If you're a leader, it's not that helpful, if you're American, to go take a trip to Canada, although it may help the Canadian economy. What you want to do is you want to go and take a job assignment that rotates you to Eastern Europe or Latin America, and exposes you to new cultures and norms. That doesn't happen cross-culturally. It's about rotating functions and disciplines, and really getting experience outside your comfort zone.

Tom: Let's say that you have now gotten the evaluation of your ideas, your peers have evaluated your thoughts, and now it's time to start advocating them inside of an organization, and you're meeting with resistance. One of the data points that you site in the book, which actually in our Culture Amp ... Do you use Culture Amp? Are you familiar with-

Adam: I am familiar with it, yeah.

Tom: What is your opinion of Culture Amp?

Adam: I don't know enough to judge it. I love the idea of getting a pulse, though, on your culture.

Tom: I'd say our Culture Amp data shows something that matched up with a point that you make in the book about a single-technology company, which you didn't name, which half of all employees felt that it was not a safe place to share a dissenting opinion. That's ballpark true of our company right now. Our numbers have improved over the last couple months because we see it now because of Culture Amp, and we're acting on it, but why is that the case, and what should somebody do when they feel unsafe about something they care about, and their peers have recognized that it has merit?

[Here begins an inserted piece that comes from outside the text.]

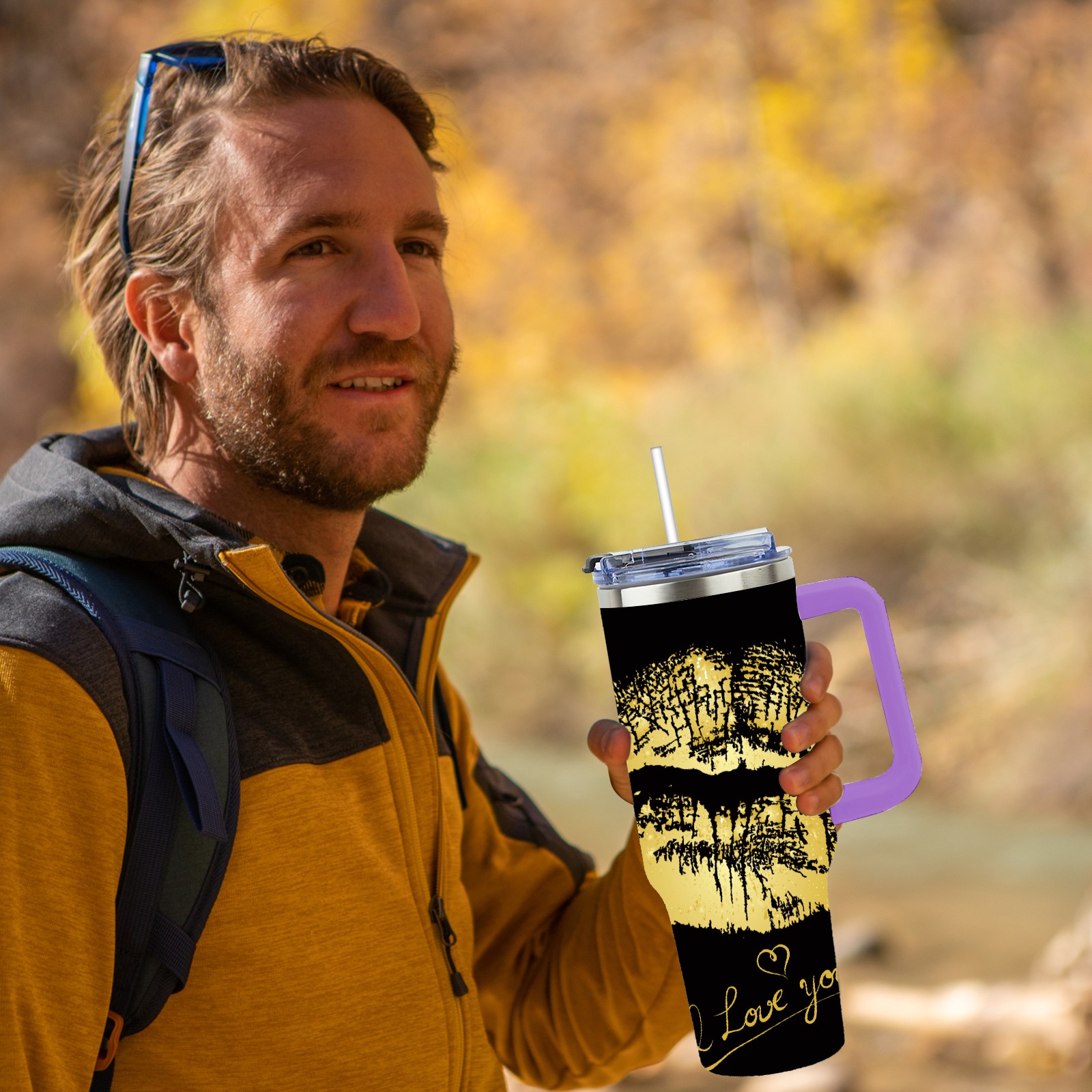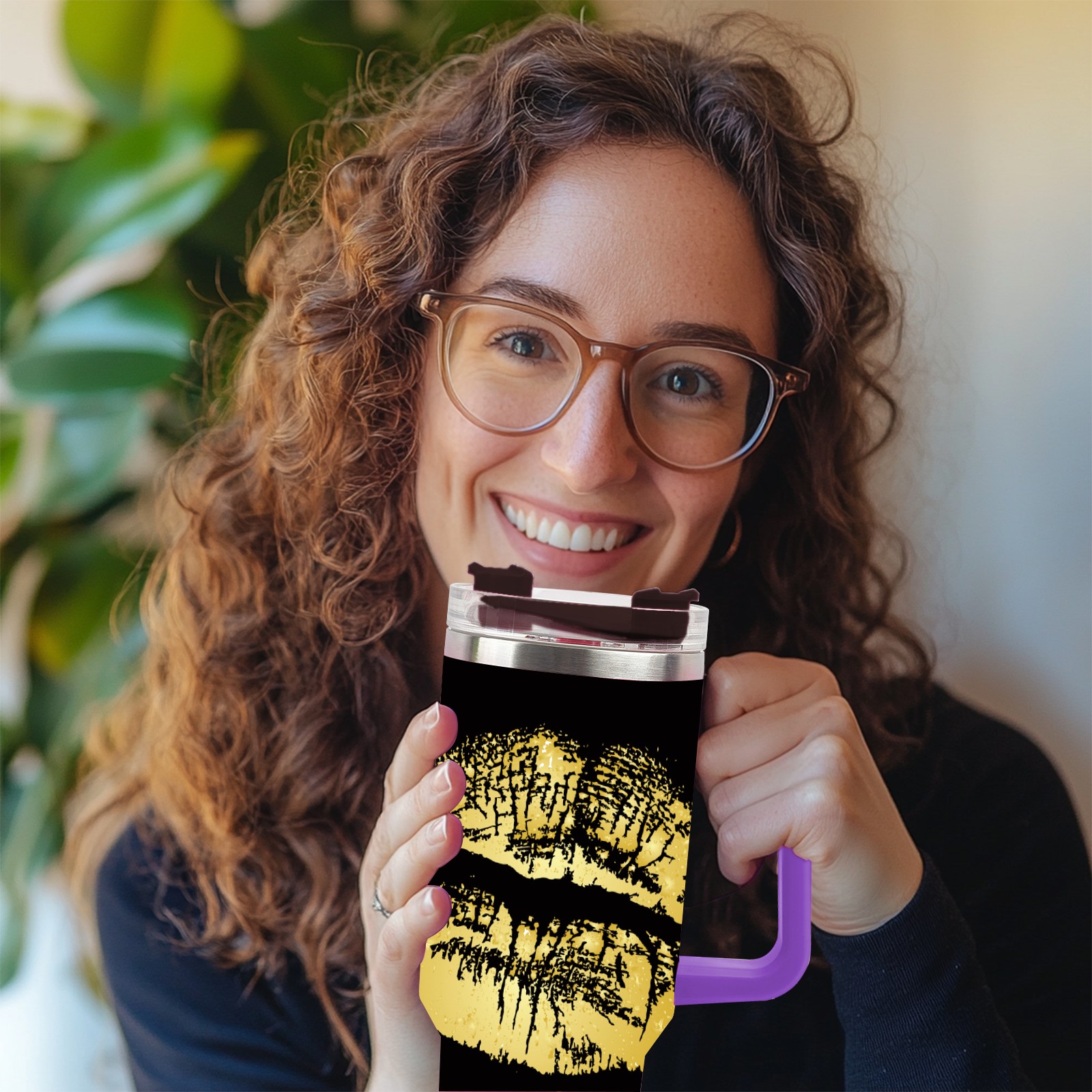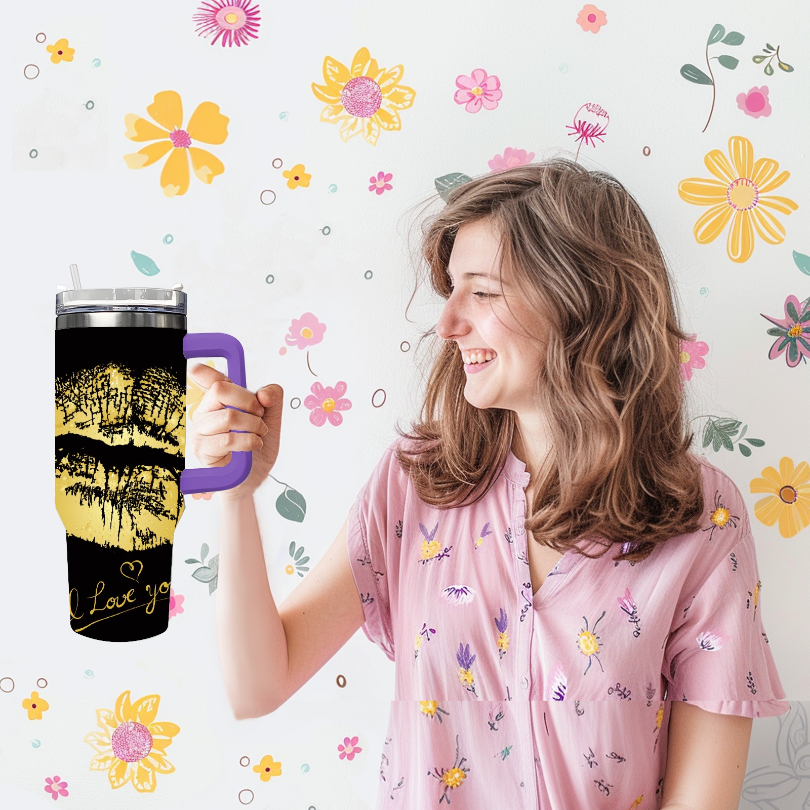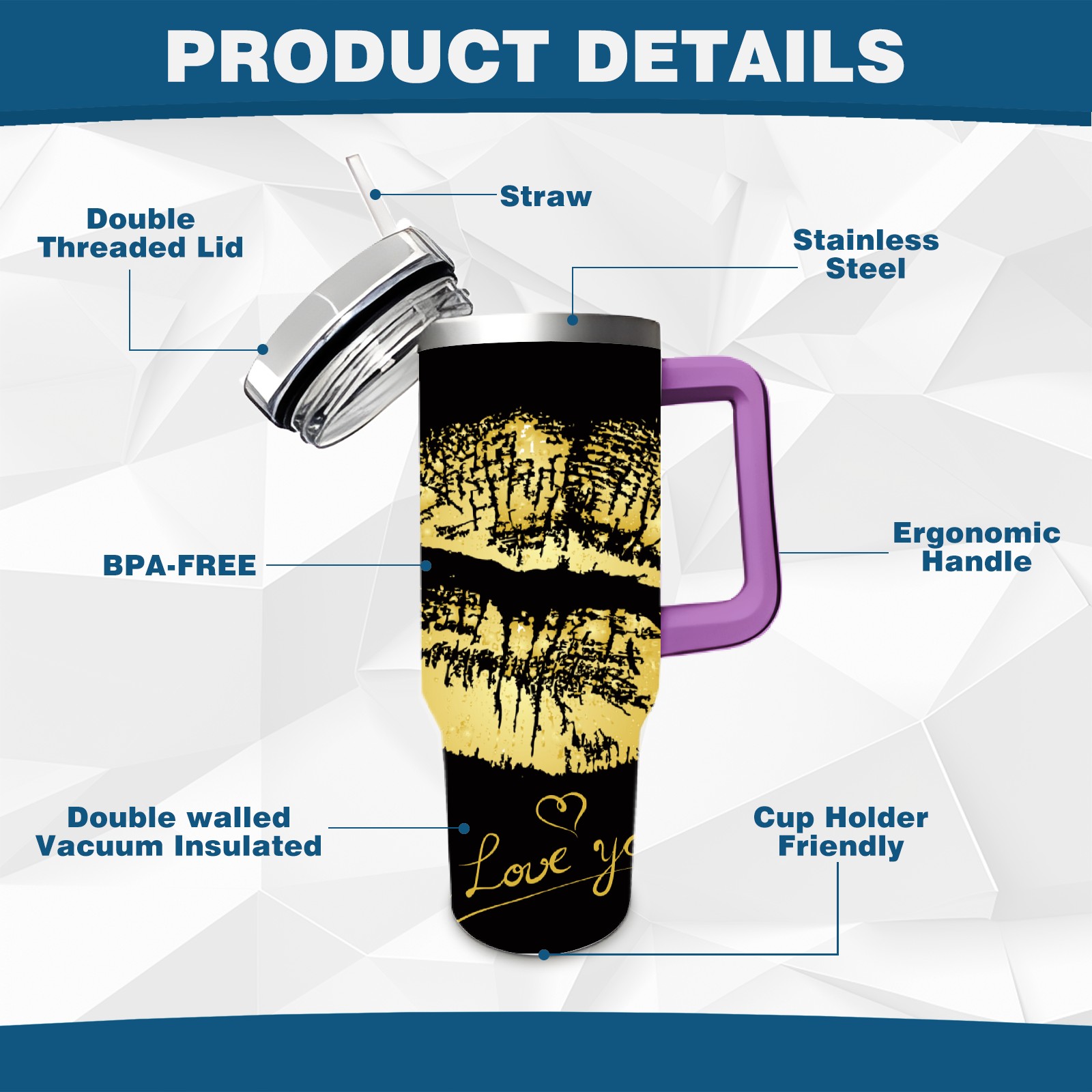 40oz 嘴唇款式2 thermos with lid and straw, leak-proof stainless steel, with handle, spill-proof bottle, convenient for travel(purple)

Adam: I actually think those numbers are pretty good, right? You see a lot of organizations where 80 or 90% of people think it's unsafe to speak up. Then you ask them why, and the obvious answer is fear. People are afraid of getting shot down, of committing some kind of career suicide, but even more than fear, futility holds people back. They think I don't think anything bad is going to happen if I raise this idea, I just don't believe anybody is going to take it seriously, and act on it.

If you're in a context where you're unsure, which is probably true for most people, the first question is do you have enough control and commitment that it's worth a try? Can you have some influence and do you really have some kind of investment in the organization's success?

If the answers to those questions are yes, I think the best thing you can do is go to your most disagreeable peers. Most of us, when we have a new idea or suggestion, we go to agreeable people. They're warm, friendly, polite, and we think they're going to be our cheerleaders. They're great at supporting us in that face-to-face conversation, but they're also afraid to rock the boat. They like harmony, so they won't necessarily advocate for us when it comes to pitch the idea to somebody who doesn't find it that exciting.

Disagreeable people, much more likely to enjoy conflict, and they will tear your idea apart, but that will be useful feedback. Then, if you can get them on board, they will run through walls for you.

Tom: Can you tell the story of Carmen Medina, and a little bit about the angles in addition to trying to advocate an idea when you're also ... You're in a gender minority, an ethnic/racial minority, and what her story is and how she ... The unexpected twists and turns of her work in the CIA.

Adam: I can.

Tom: Awesome.

Adam: Do you want me to do it?

Tom: Yes, and because we have 15 minutes, try and do it in nine seconds. No, we're getting through a lot of this very quickly, so thank you.

Adam: Carmen Medina was a CIA analyst who, in the early 90s, believed that intelligence agencies ought to be sharing information. She started advocating for the use of the fax machine, and then the Internet to share across different agencies, and people told her she was insane. They said look, this is dangerous for your career, don't do it, no one can trust the Internet. The reason we use printed documents is because we can classify them and protect them.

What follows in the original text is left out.